As the answer, return precisely the lines from the one containing "- predná priehradka: 1" to the final line of the material below, inclusive, and omit every picture.

======== Recorded data

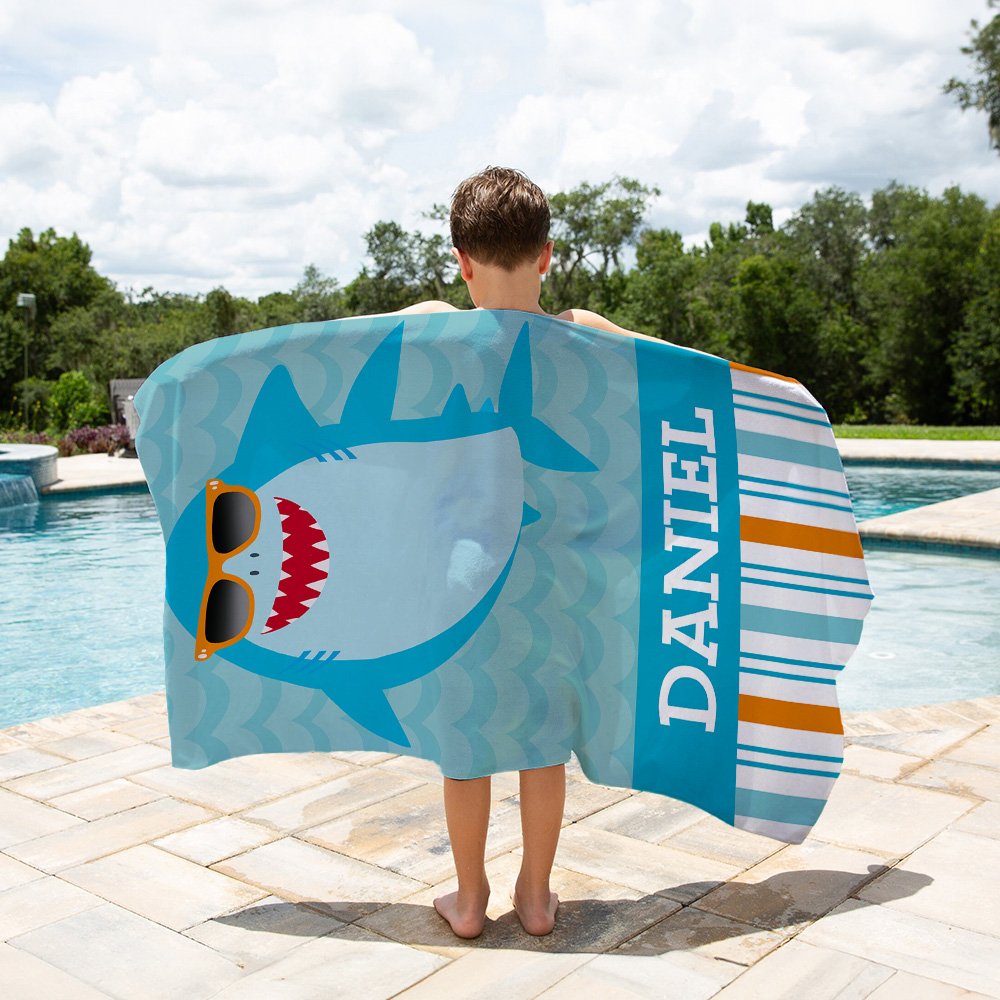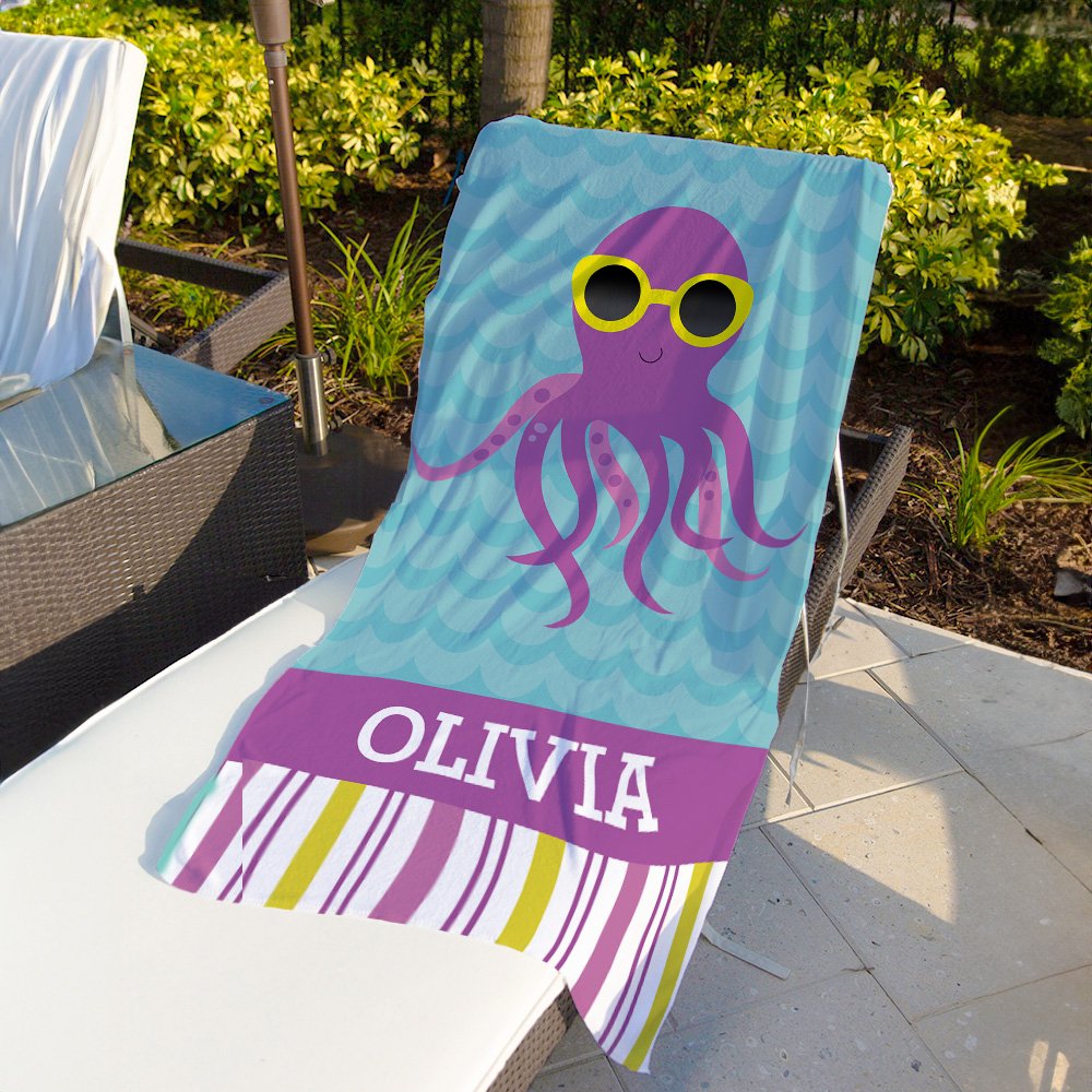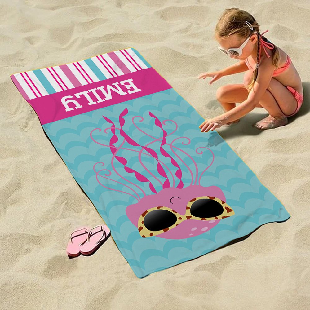 Das Design dieses Strandtuchs ist von niedlichen Meeresbewohnern mit Sonnenbrillen inspiriert, mit Hai-, Kraken-, Seepferdchen- und Quallenmustern sowie klassischen Streifen, die den ganzen Strand in einen Spielplatz verwandeln. Die spielerischen Ausdrücke von Meeresbewohnern und die persönliche Namensanpassung werden sicherlich dazu führen, dass Kinder es lieben und es zu einem unverzichtbaren Teil ihrer Strandausrüstung machen.
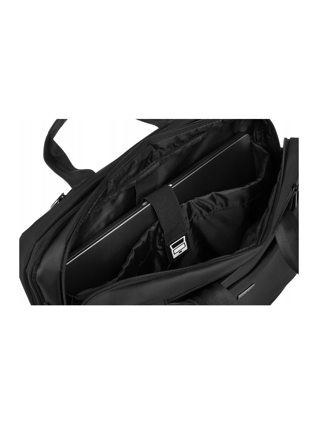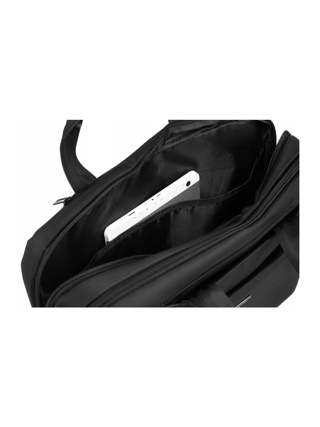 - predná priehradka: 1 vyhradené vrecko na notebook uzavreté pásikom na suchý zips, 2 menšie otvorené vrecká, 2 priehradky na perá
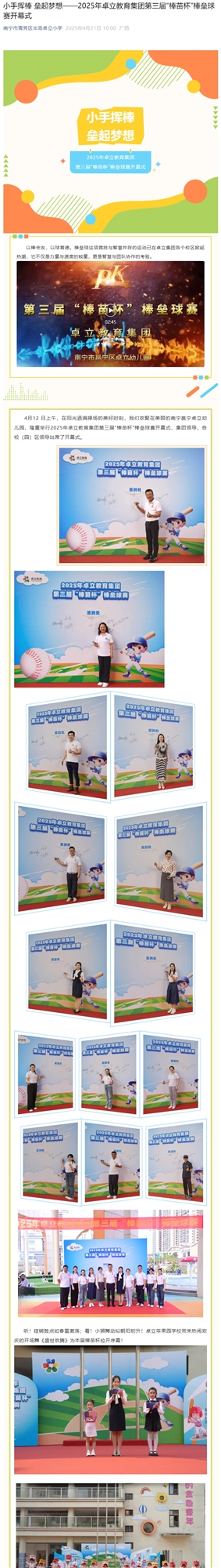 小手挥棒 垒起梦想——2025年卓立教育集团第三届“棒苗杯”棒垒球赛开幕式
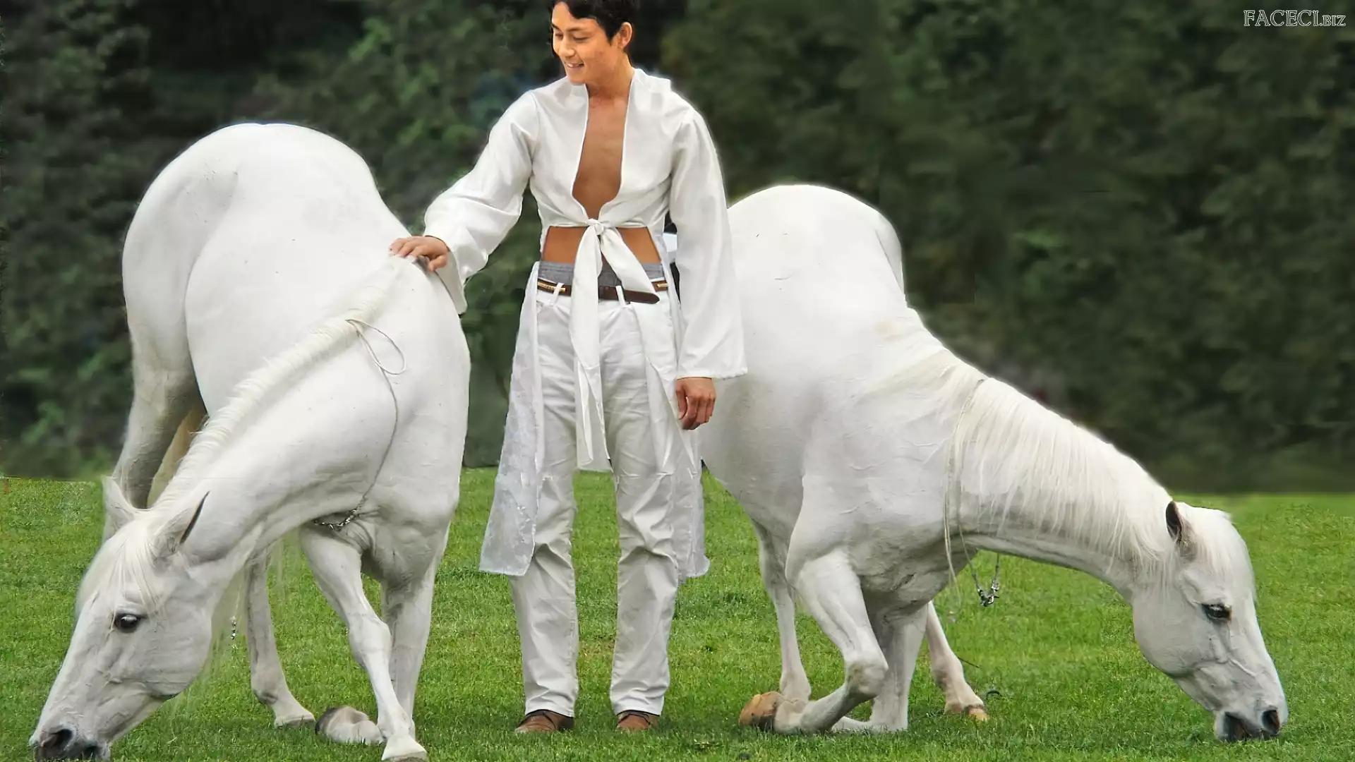 Treser, Mężczyzna, Dwa, Konie, Białe - faceci.biz

================

=== Written solution ===
 - predná priehradka: 1 vyhradené vrecko na notebook uzavreté pásikom na suchý zips, 2 menšie otvorené vrecká, 2 priehradky na perá
 小手挥棒 垒起梦想——2025年卓立教育集团第三届“棒苗杯”棒垒球赛开幕式
 Treser, Mężczyzna, Dwa, Konie, Białe - faceci.biz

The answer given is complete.